- **What you need to do**
The lines below from the one with "原料:猪里脊肉150克、绍酒" up to and including the one with "準備ができたら,マットの上をみんなでゴロゴロ!" are what you should set down, exactly and without pictures.

- **Record extracts**
☆ ☆ ☆ ☆ ☆

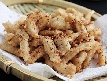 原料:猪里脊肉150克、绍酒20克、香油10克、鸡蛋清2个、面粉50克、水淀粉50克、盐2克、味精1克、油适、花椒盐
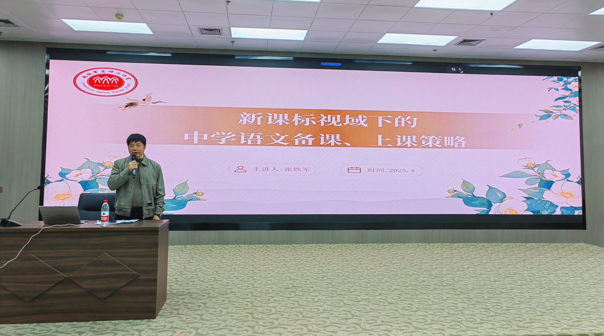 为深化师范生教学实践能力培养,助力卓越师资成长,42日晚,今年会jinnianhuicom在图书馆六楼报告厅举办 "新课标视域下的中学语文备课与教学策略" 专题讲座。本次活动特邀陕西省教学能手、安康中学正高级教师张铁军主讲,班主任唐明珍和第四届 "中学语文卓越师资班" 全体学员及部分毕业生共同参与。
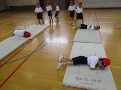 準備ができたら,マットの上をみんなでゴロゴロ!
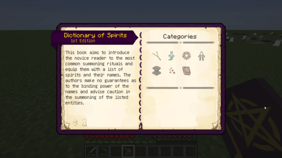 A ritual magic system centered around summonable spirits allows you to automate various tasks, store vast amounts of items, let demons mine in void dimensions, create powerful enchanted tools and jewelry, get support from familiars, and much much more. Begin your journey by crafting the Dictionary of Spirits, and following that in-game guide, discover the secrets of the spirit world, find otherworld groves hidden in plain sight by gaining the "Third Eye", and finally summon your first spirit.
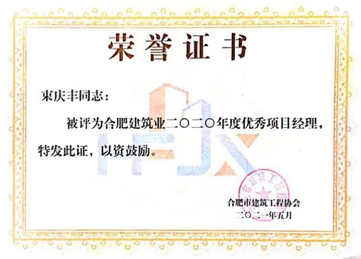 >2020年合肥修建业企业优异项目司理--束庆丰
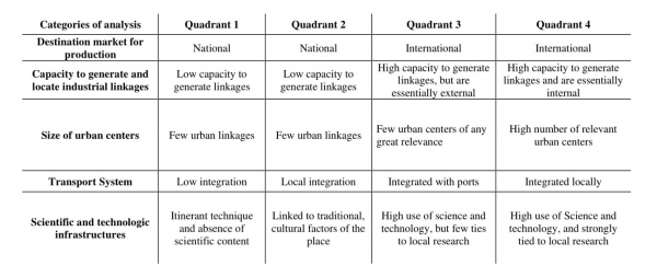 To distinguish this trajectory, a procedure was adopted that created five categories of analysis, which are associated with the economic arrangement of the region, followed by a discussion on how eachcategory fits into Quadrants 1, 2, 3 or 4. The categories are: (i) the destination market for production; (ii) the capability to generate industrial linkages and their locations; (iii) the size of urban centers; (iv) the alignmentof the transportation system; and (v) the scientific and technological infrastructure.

☆ ☆ ☆ ☆ ☆

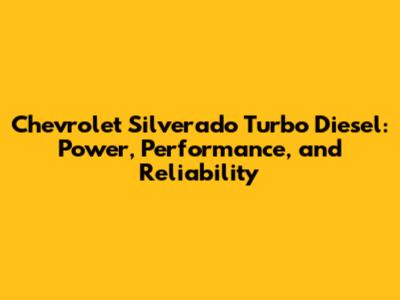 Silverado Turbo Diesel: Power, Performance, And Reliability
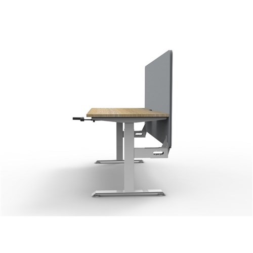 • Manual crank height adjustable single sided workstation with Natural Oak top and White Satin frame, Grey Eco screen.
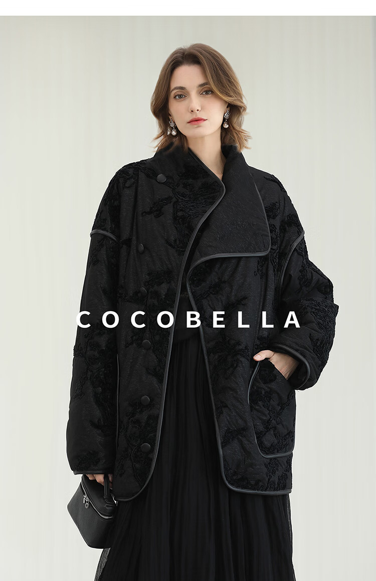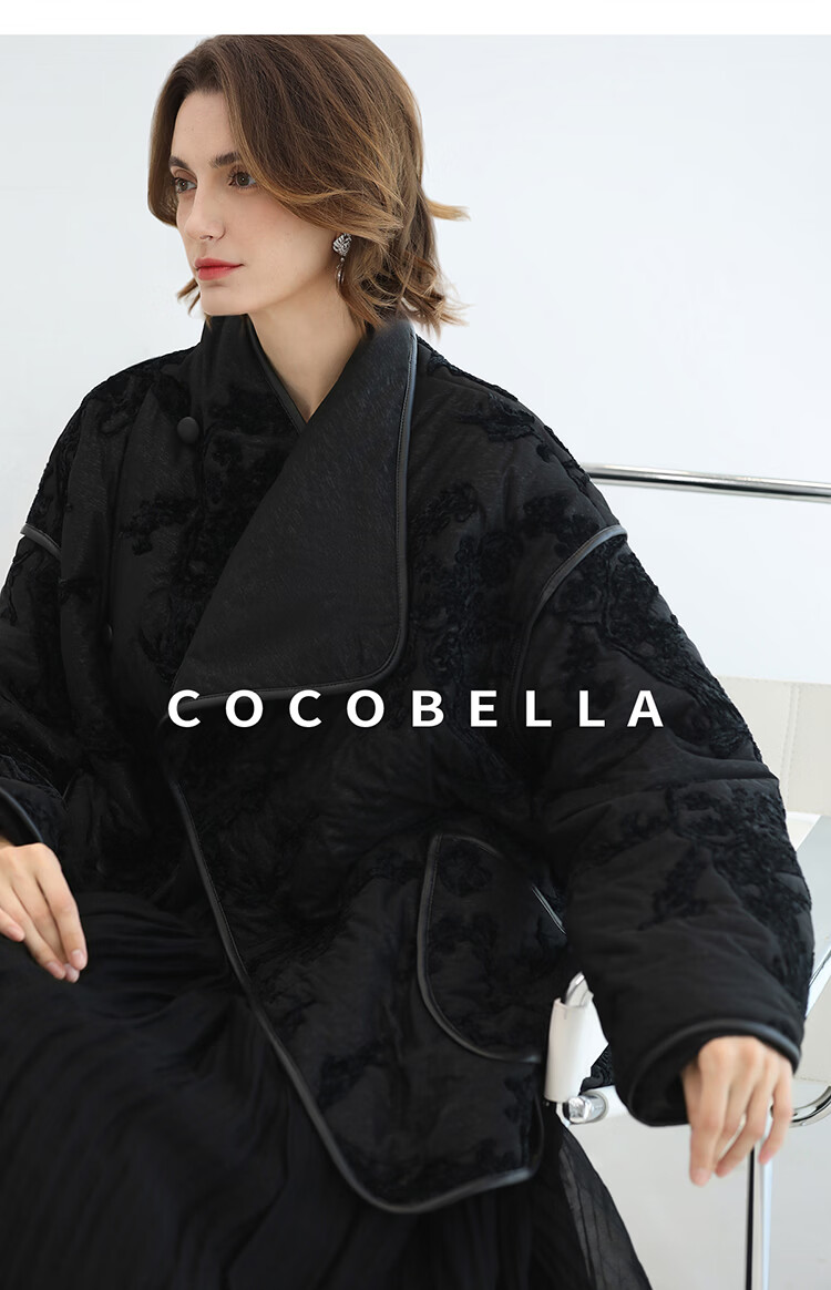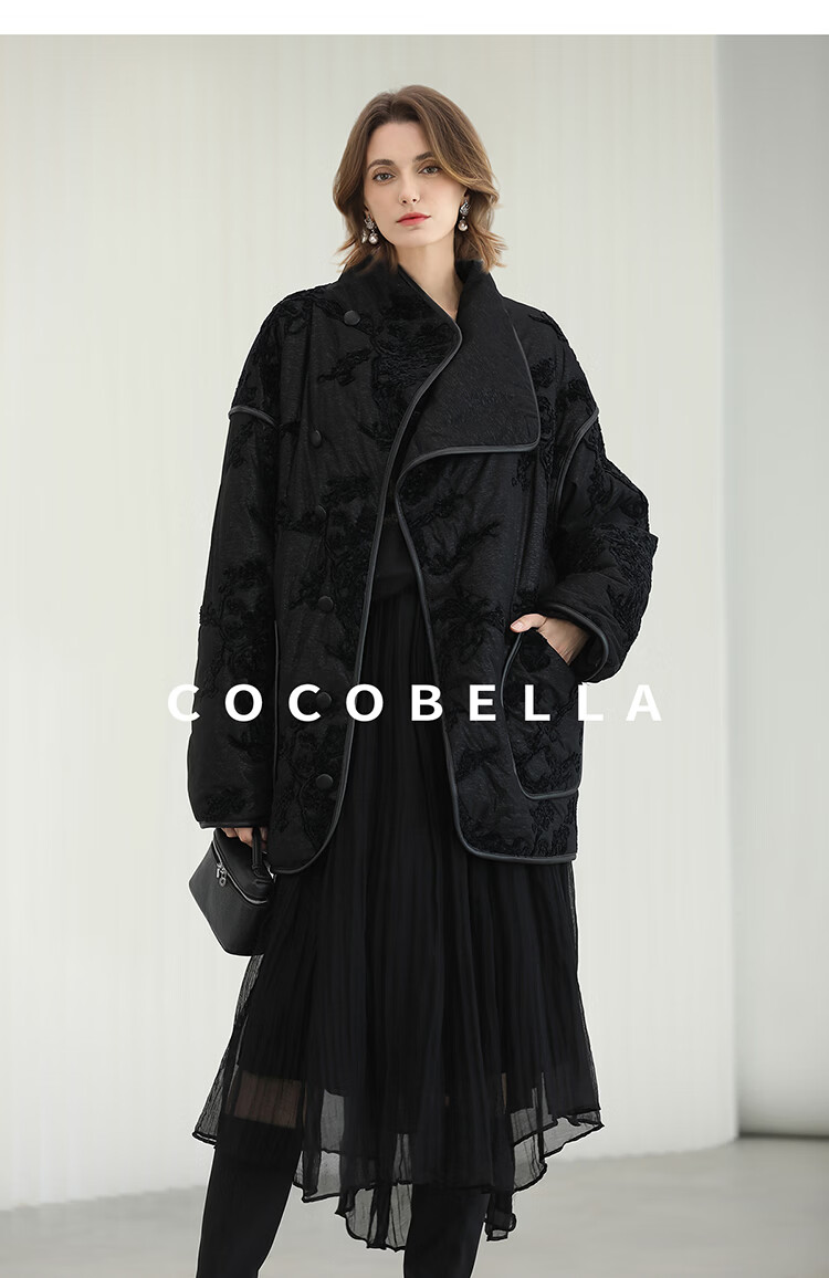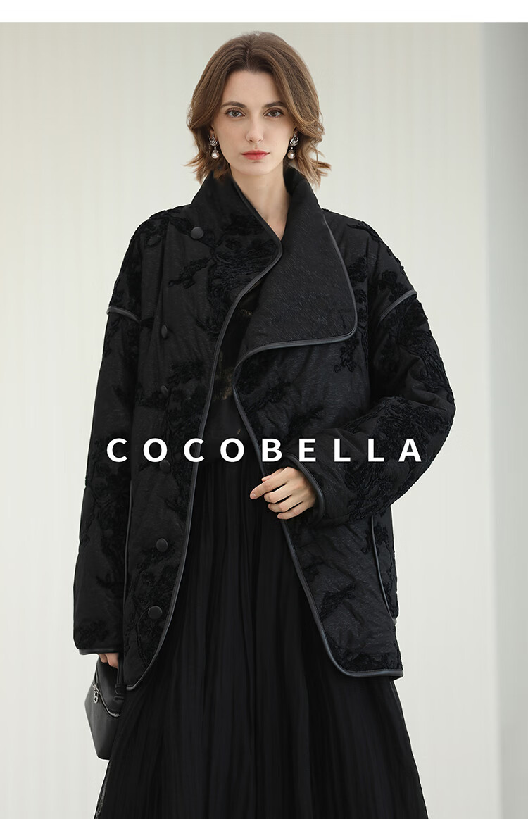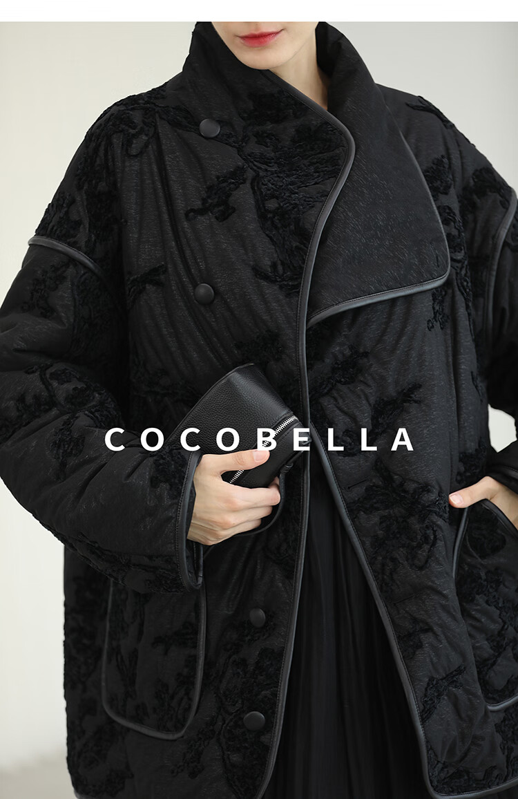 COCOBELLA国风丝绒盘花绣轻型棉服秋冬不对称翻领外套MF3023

☆ ☆ ☆ ☆ ☆

- **Written solution**
 原料:猪里脊肉150克、绍酒20克、香油10克、鸡蛋清2个、面粉50克、水淀粉50克、盐2克、味精1克、油适、花椒盐
 为深化师范生教学实践能力培养,助力卓越师资成长,42日晚,今年会jinnianhuicom在图书馆六楼报告厅举办 "新课标视域下的中学语文备课与教学策略" 专题讲座。本次活动特邀陕西省教学能手、安康中学正高级教师张铁军主讲,班主任唐明珍和第四届 "中学语文卓越师资班" 全体学员及部分毕业生共同参与。
 準備ができたら,マットの上をみんなでゴロゴロ!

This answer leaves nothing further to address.